Hi, I am using the Trainer with BERT for a classification Task. I saved the model with this command:

model = transformers.AutoModelForSequenceClassification.from_pretrained("bert-base-uncased")
...
trainer.train()
_ = trainer.save_model("history/")

Since BERT does not use a classification head, this code adds one, if I remember right. However, it appears that when I load this model after training with

config = transformers.AutoConfig.from_pretrained("history")
model = transformers.AutoModelForSequenceClassification.from_config(config)
tokenizer = transformers.AutoTokenizer.from_pretrained("learning/checkpoint-31500")
pipe = transformers.TextClassificationPipeline(
	model=model,
	tokenizer=tokenizer,
	return_all_scores=True)

It seems to create a new head again, not use the one it originally trained. This makes loading and using a trained model not possible.
How can I save the head that Trainer trained for bert within the model so I can load and use it again?

Thanks in advance!

Since HF models inherit from torch.nn.module, you can save your model with it’s custom classifier head with: torch.save(model, 'model.pt') and load it with torch.load('model.pt'). Note that the loaded model can be input into the model argument of the trainer instance.
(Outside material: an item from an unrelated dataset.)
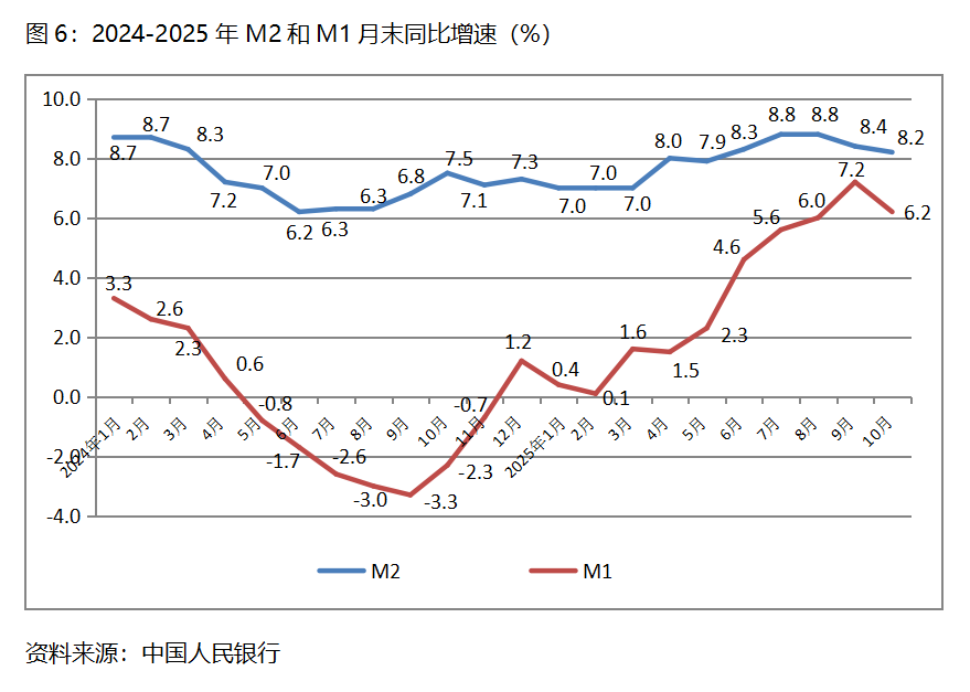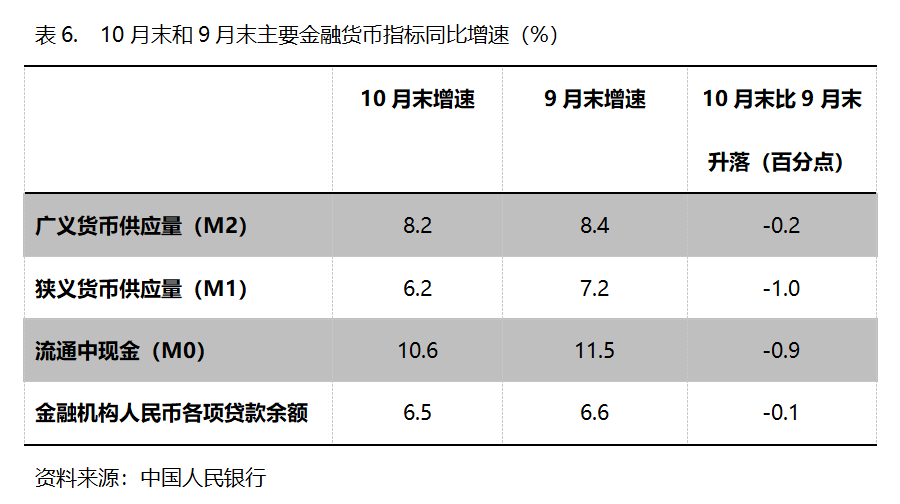 六、M2增速持續(xù)回落。10月末,廣義貨幣供應(yīng)量(M2)同比增長8.2%,比9月末增長8.4%回落0.2個(gè)百分點(diǎn),9月末比8月末增長8.8%回落0.4個(gè)百分點(diǎn);狹義貨幣供應(yīng)量(M1)同比增長6.2%,比9月末增長7.2%回落1.0個(gè)百分點(diǎn),9月末增幅比8月末增長6.0%回升1.2個(gè)百分點(diǎn);流通中貨幣(M0)同比增長10.6%,比9月末增長11.5%回落0.9個(gè)百分點(diǎn),9月末比8月末增長11.7%回落0.2個(gè)百分點(diǎn)。10月份末,M2、M1和M0增速均出現(xiàn)了回落,需要關(guān)注其對(duì)經(jīng)濟(jì)運(yùn)行走勢(shì)的影響。

Now the second issue. How can you modify Trainer so that it correctly saves your model checkpoints? This might not be the most elegant solution but I was able to get it by overriding the _save method of Trainer like this:

class CustomTrainer(Trainer):
    def _save(self, output_dir, *args, **kwargs):
        output_dir = output_dir if output_dir is not None else self.args.output_dir
        os.makedirs(output_dir, exist_ok=True)
        torch.save(self.model, os.path.join(output_dir, 'model.pt'))

Then creating your trainer instance with:

# create Trainer instance
trainer = CustomTrainer(
    model=loaded_model,
    args=training_args,
    data_collator=data_collator,
    compute_metrics=compute_metrics,
    train_dataset=dataset['train'],
    eval_dataset=dataset['test'],
)

and trainer will save a file called model.pt in the checkpoint folder.
Note, you will not be able to load the model using ....from_pretrained() because it is not in the correct format but you will be able to load it with the torch load method above and supply that to your trainer instance. Hope this helps!